Following key points should be remembered while managing the forage quality:

The ultimate measure of forage quality is animal performance. Factors having the greatest impact on forage quality are forage species, stage of maturity at harvest, and (if forage is mechanically harvested) harvesting and storage techniques. Forage quality varies greatly among and within forage crops, and nutritional needs vary among and within animal classes and species. Knowing forage quality and animal nutritional needs is necessary to formulate rations that result in desired animal performance.

Leaves are higher in quality than stems; young stems are higher in quality than old stems; and green leaves are higher in quality than dead leaves. In most cases, higher quality is also associated with legumes as compared to grasses; and with cool-season plants as compared to warm-season plants.

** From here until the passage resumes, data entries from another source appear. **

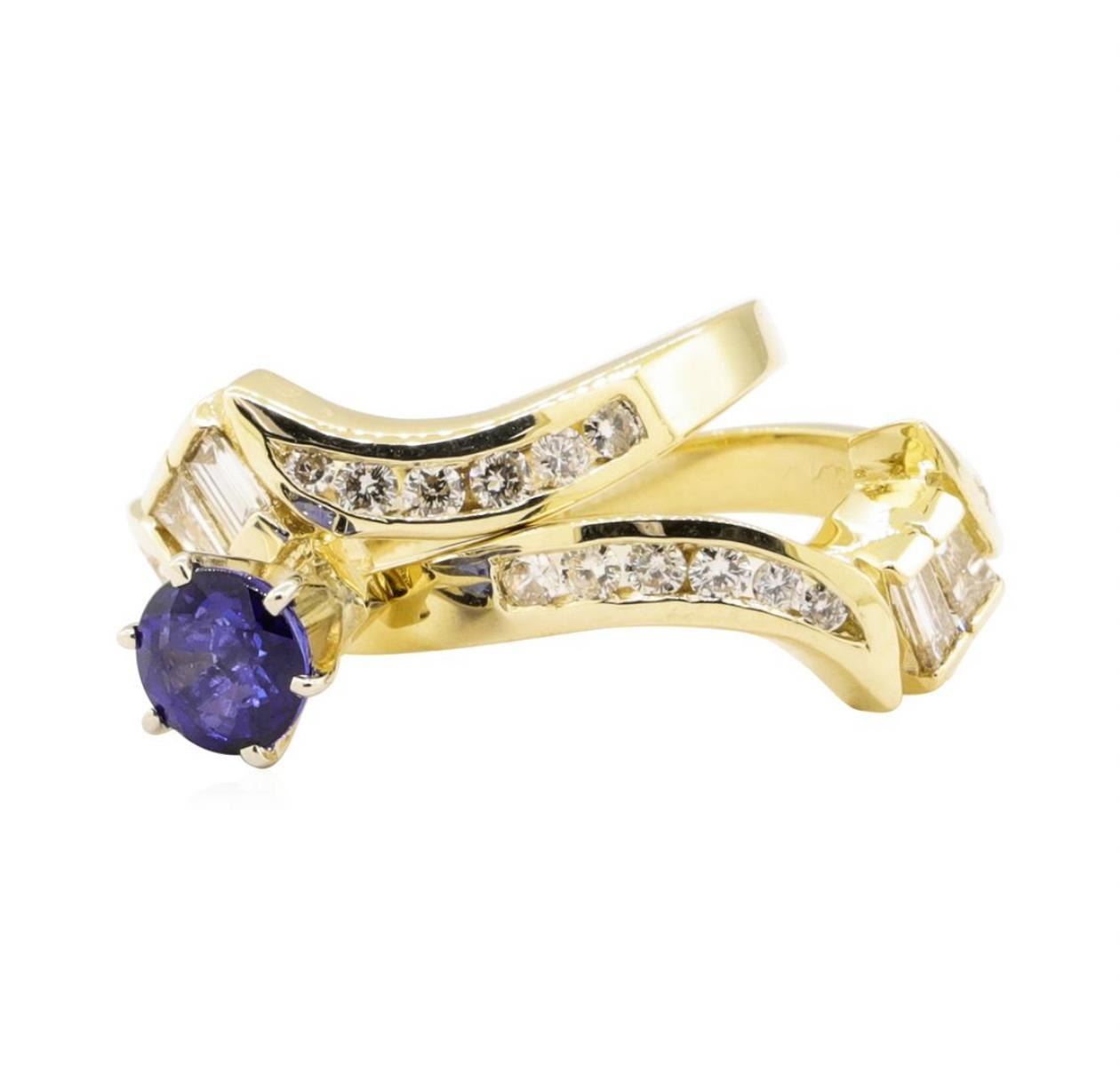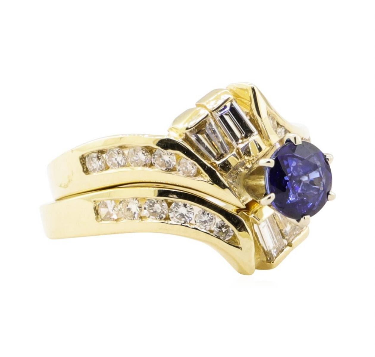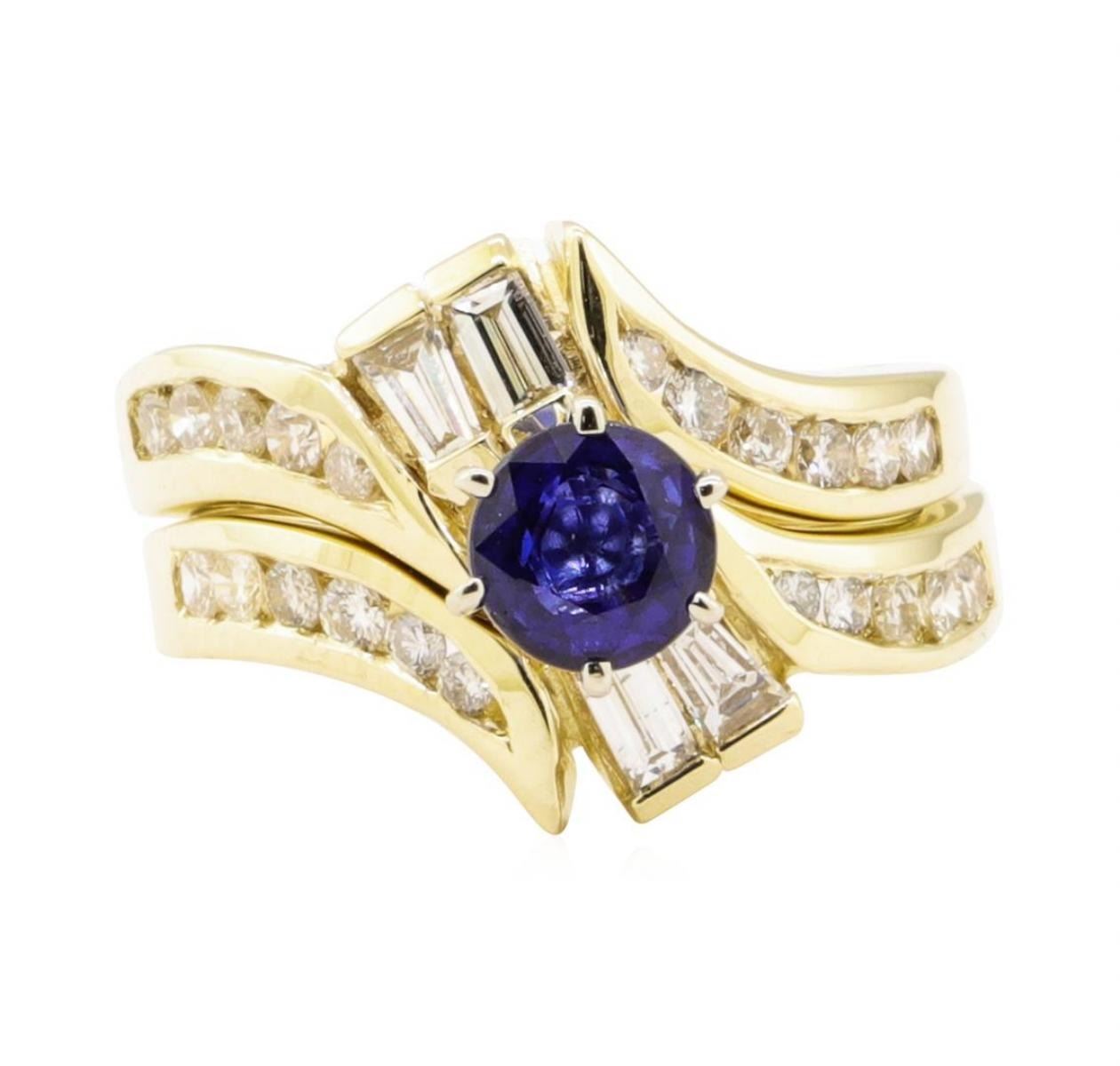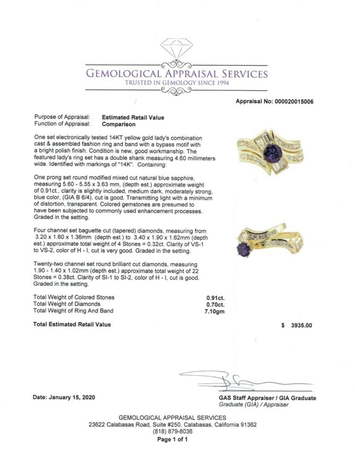 One set electronically tested 14KT yellow gold lady's combination cast & assembled fashion ring and band with a bypass motif with a bright polish finish. The featured lady's ring set has a double shank measuring 4.60 millimeters wide. Identified with markings of '14K'. Condition is new, good workmanship. Containing: One prong set round modified mixed cut natural blue sapphire, measuring 5.60 - 5.55 x 3.63 mm, (depth est.) approximate weight of 0.91ct., clarity is slightly included, medium dark, moderately strong, blue color, (GIA B 6/4), cut is good. Transmitting light with a minimum of distortion, transparent. Colored gemstones are presumed to have been subjected to commonly used enhancement processes. Graded in the setting. Four channel set baguette cut (tapered) diamonds, measuring from 3.20 x 1.60 x 1.36mm (depth est.) to 3.40 x 1.90 x 1.62mm (depth est.) approximate total weight of 4 Stones = 0.32ct. Graded in the setting. Color H - I Clarity VS-1 to VS-2 Cut Very Good Twenty-Two channel set round brilliant cut diamonds, measuring 1.90 - 1.40 x 1.02mm (depth est.) approximate total weight of 22 Stones = 0.38ct. Graded in the setting. Color H - I Clarity SI-1 to SI-2 Cut Good. Total Weight of Colored Stones 0.91ct.. Total Weight of Diamonds 0.70ct.. Total Weight of Ring And Band 7.10gm GAS Appraised at $3935.00. GAS Appraised.
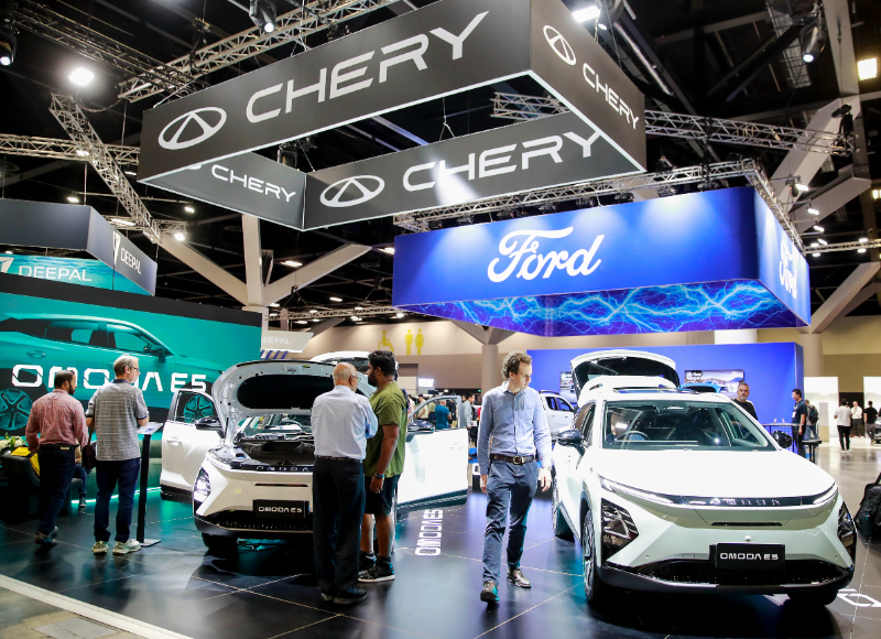 (資料圖)11月8日,在澳大利亞悉尼國際會議中心,觀眾在奇瑞汽車展臺參觀。新華社記者 馬平 攝
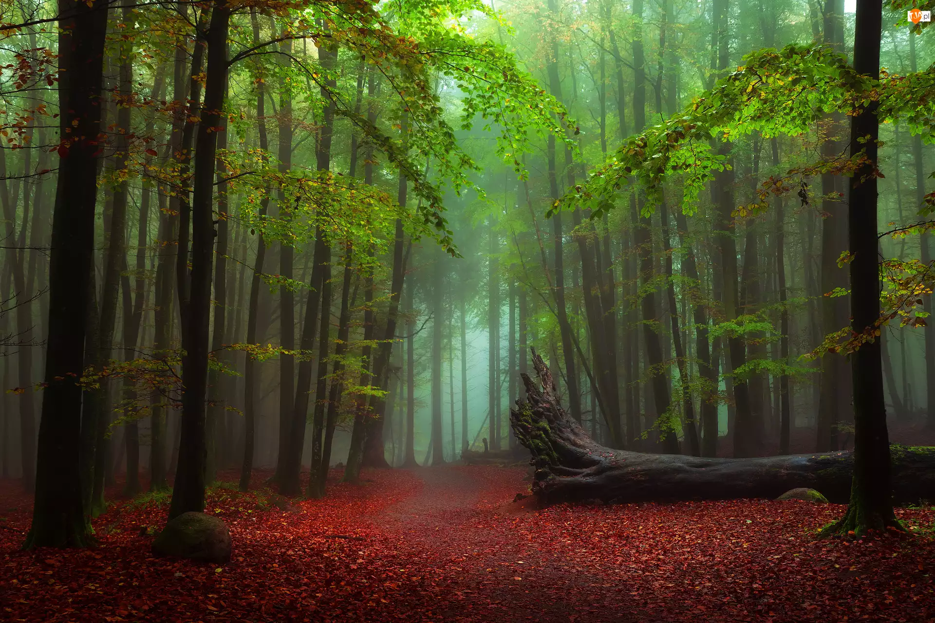 Zielone, Drzewa, Drzewo, Las, Powalone, Mgła, Dro

Rain during field drying damages legume hay more than grass hay. Also, the dryer the hay when rain occurs, the greater the damage. However, delayed harvest due to concern about rain probably results in more forage quality loss. Fertilising with nitrogen generally increases the crude protein level of grasses, but fertilisation usually has little or no effect on the digestible energy of forage.

Sensory evaluation of forage provides important information. While protein and minerals can limit animal performance, digestible energy is more likely to be the limiting factor from forage.

The more mature and fibrous (lower in quality) forage, the longer it takes to be digested and the less an animal will consume. Major losses in forage quality often occur due to poor storage and feeding techniques. Producing forage with good nutritive value is not enough; good animal performance results when animals consume forage that is suitably high in nutrients and low in fibre.

There is need to supply of pure and quality seed supply to ensure forage of high and nutritional value. The Agricultural Department has to put more emphasis on varieties improvement of fodder crops along with cash crops for enhancing dairy productivity.